The best known of the coves of the Smokies is Cades Cove, in Blount County, a spot of rare beauty.  Cades Cove is accessible to tourists.  It is of special interest not only for its beauty, but also because of the preservation there of farmsteads as they appeared in bygone days, together with the traditional tools and agricultural practices.  Other coves of the Smokies include Wear, Bumpass, and Tuckaleechee.

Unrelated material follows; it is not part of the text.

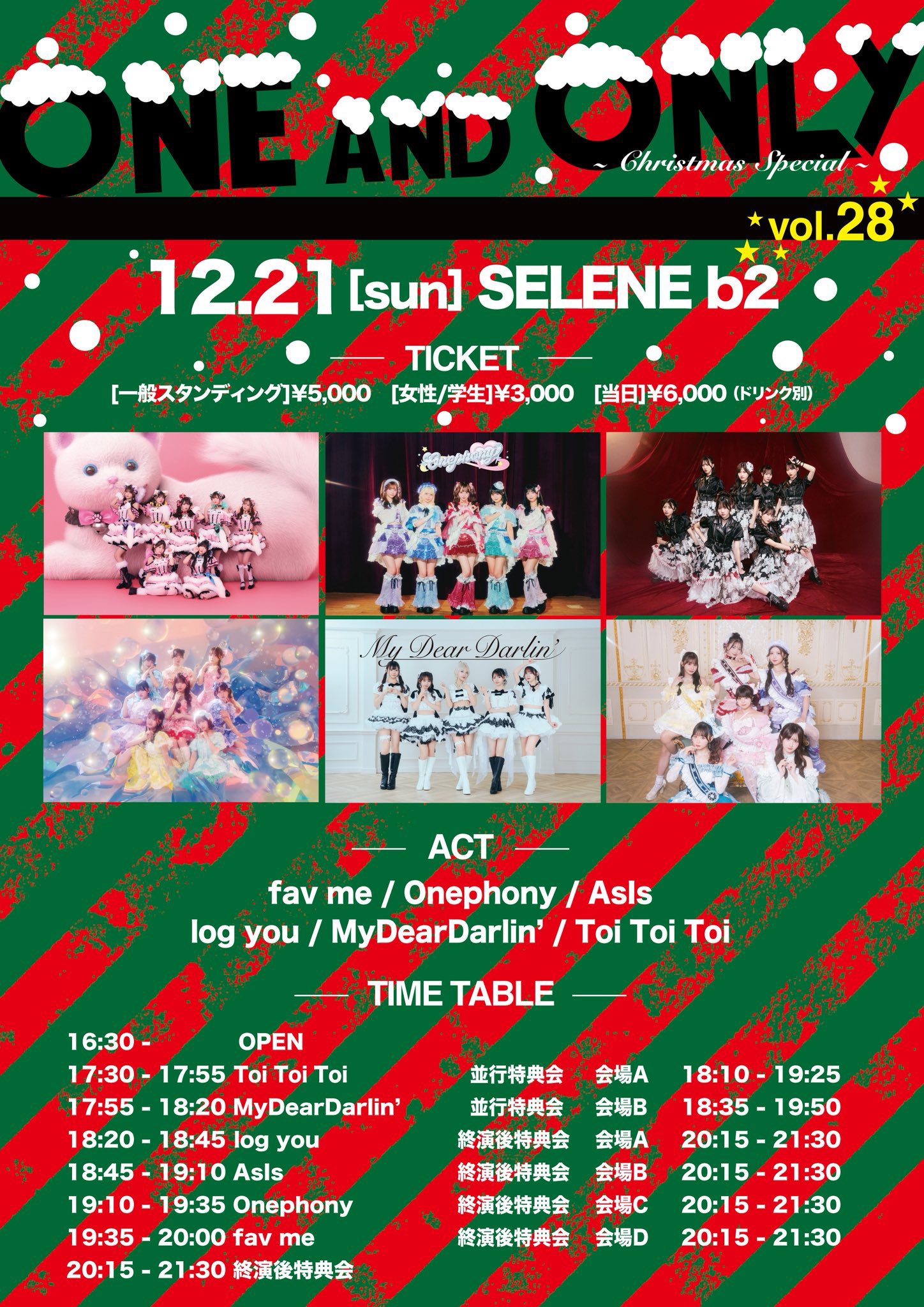 ONE AND ONLY Vol.28 〜 Christmas Special 〜 日程:2025年12月21日(日) 会場名:白金高輪SELENE b2 URL:https://l-tike.com/concert/mevent/?mid=732837 【時間】OPEN16:30/START17:30 【ライブ】18:45-19:10 【特典会】20:15-21:30 ※終演後物販 【チケット】一般スタンディング 5,000円/学生,女性 3,000円 ◼︎プレリクエスト抽選先行:11月19日 20:00-12月7日 23:59 ◼︎一般販売:12月12日 20:00

At Coker Creek in the Blue Ridge of southeastern Tennessee, gold mining was once significant enough that there was a “rush” of sorts to the area in the first half of the nineteenth century  Discovery of gold occurred there in 1827; commercial mining only lasted four years, however, from 1856 – 1860

The gold mined from Coker Creek was found largely by the “placer” or washing method.  The amount of gold mined here was not large, total production amounting to only a quarter-million dollars or so – and the relatively “lean” ore never brought riches to the miners, as did the discoveries in California and some other area.  Still, this episode makes an interesting “byway” in the path of Tennessee history.  Gold excites the imagination, and even today, amateur prospectors may be found from time to time, panning in Coker Creek for the thrill of “color” – the brilliant golden flash that quickens the pulse, no matter how small the amount and value of the flakes.  Coker Creek is located in the southeastern end of Monroe County.  It is north of Ironsburg and southeast of Tellico Plains.